╭─ DATA FOR THIS TASK
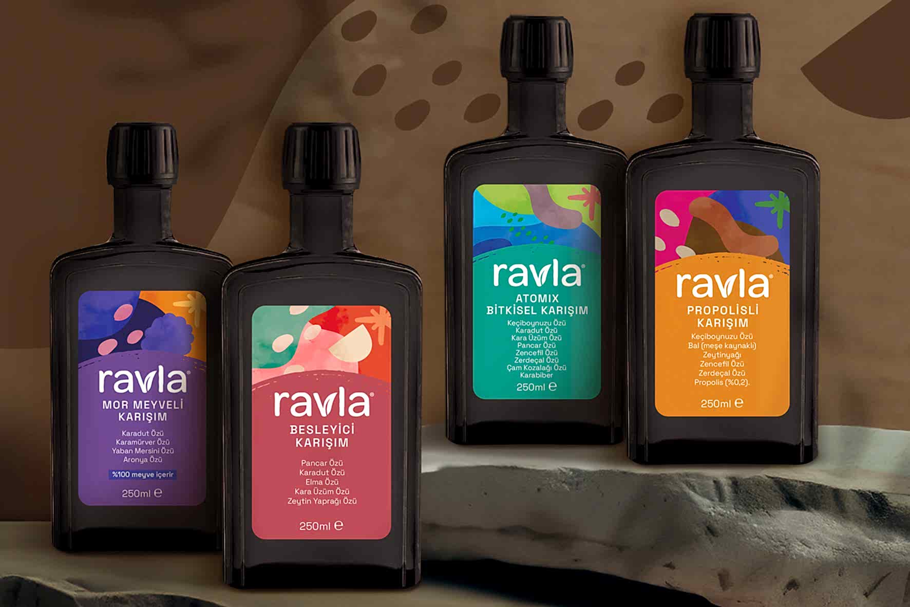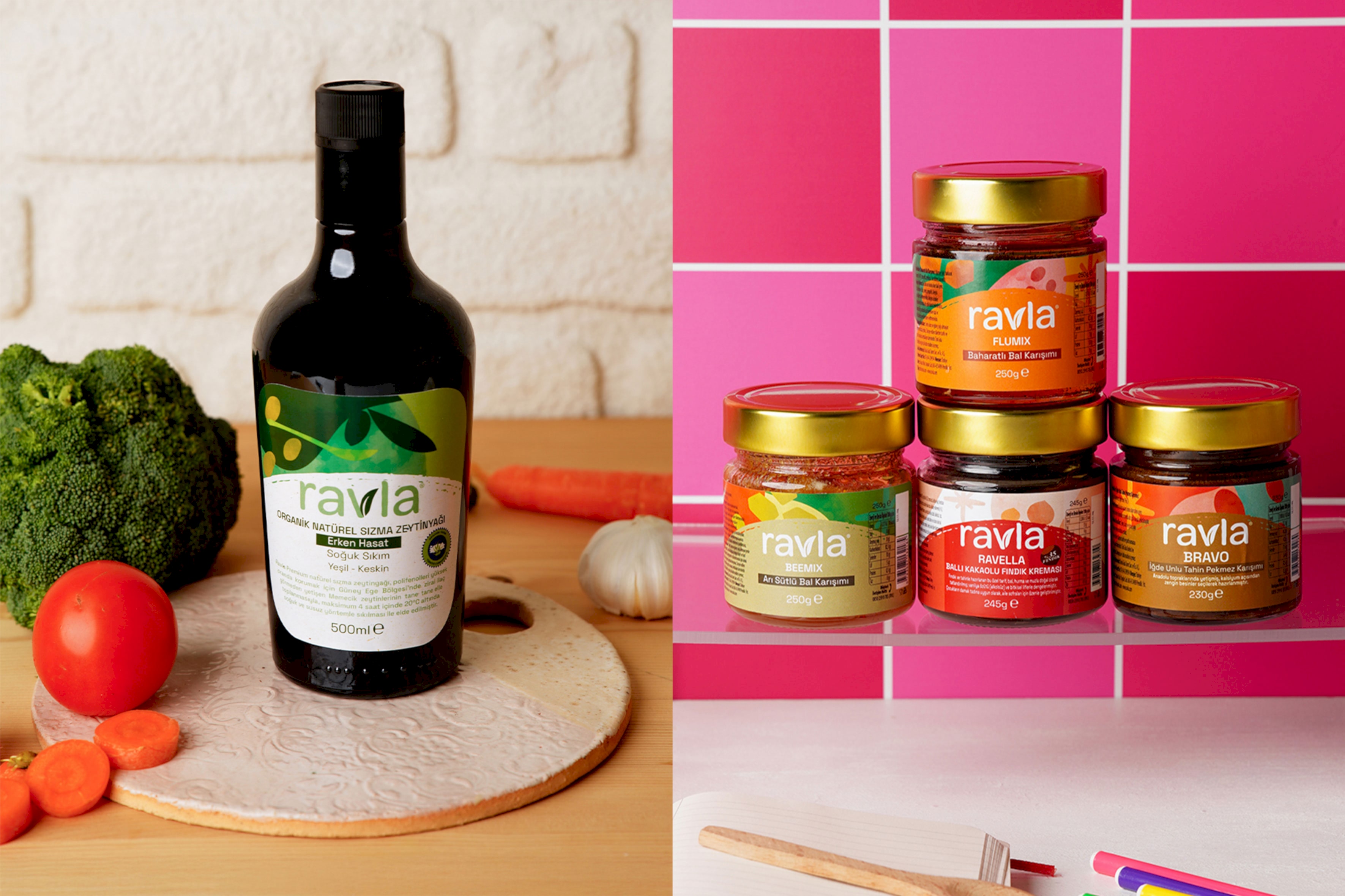 Orhan Irmak Tasarim designed the packagings for Ravla’s wide range of products. Ravla is a superfood brand offering a wide spectrum of products, from organic olive oil to herbal blends and natural oils. The brand particularly appeals to conscious mothers who prioritize their children's healthy and natural nutrition. The brand’s founder, chemist Özlem Erarslan, who conducts studies on food chemistry and phytotherapy, says: “We strive to offer our products in their purest, unprocessed, and most natural form. We believe superfoods are not only nourishment, but also a source of better quality of life.”
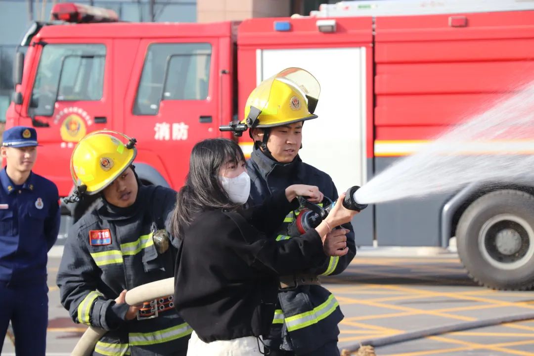 讲座结束后,在相关人员的组织下,同学们进行消防安全演练,快速撤离到空旷的地方。随后,消防员向同学们展示了消防车上的登高平台,并在保证安全的前提下,由消防员带领两位同学亲身体验。最后,工作人员在空旷地带升起火源,并向同学们演示如何使用灭火器,使同学们亲手体验灭火的过程。
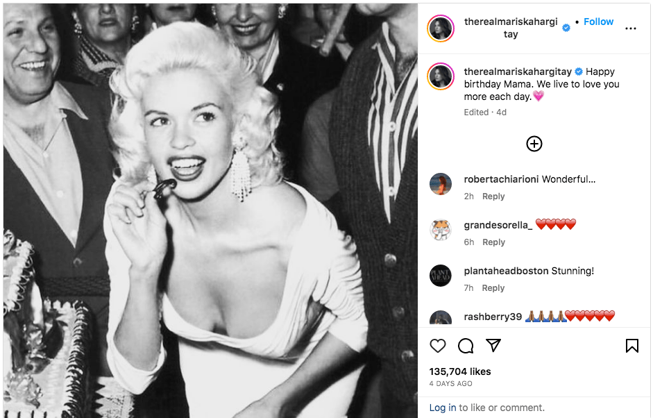 On what would have been Jayne’s birthday, Mariska sends her heartfelt wishes to her beloved mother in the heavens.
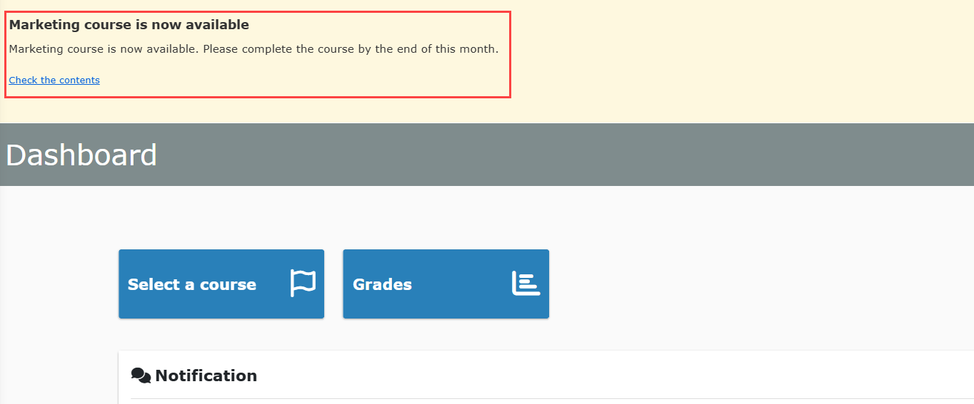 This section explains how the notices you create will appear on the dashboard and in the notification bar.
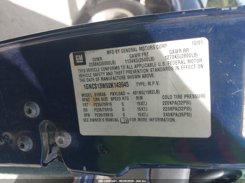• 1GNCS13W92K143945
╰─
YOUR GOAL: Please write out, exactly, every line from the line with "讲座结束后,在相关人员的组织" through the final line of the data above, leaving out pictures.

PROBLEM SOLUTION:
 讲座结束后,在相关人员的组织下,同学们进行消防安全演练,快速撤离到空旷的地方。随后,消防员向同学们展示了消防车上的登高平台,并在保证安全的前提下,由消防员带领两位同学亲身体验。最后,工作人员在空旷地带升起火源,并向同学们演示如何使用灭火器,使同学们亲手体验灭火的过程。
 On what would have been Jayne’s birthday, Mariska sends her heartfelt wishes to her beloved mother in the heavens.
 This section explains how the notices you create will appear on the dashboard and in the notification bar.
• 1GNCS13W92K143945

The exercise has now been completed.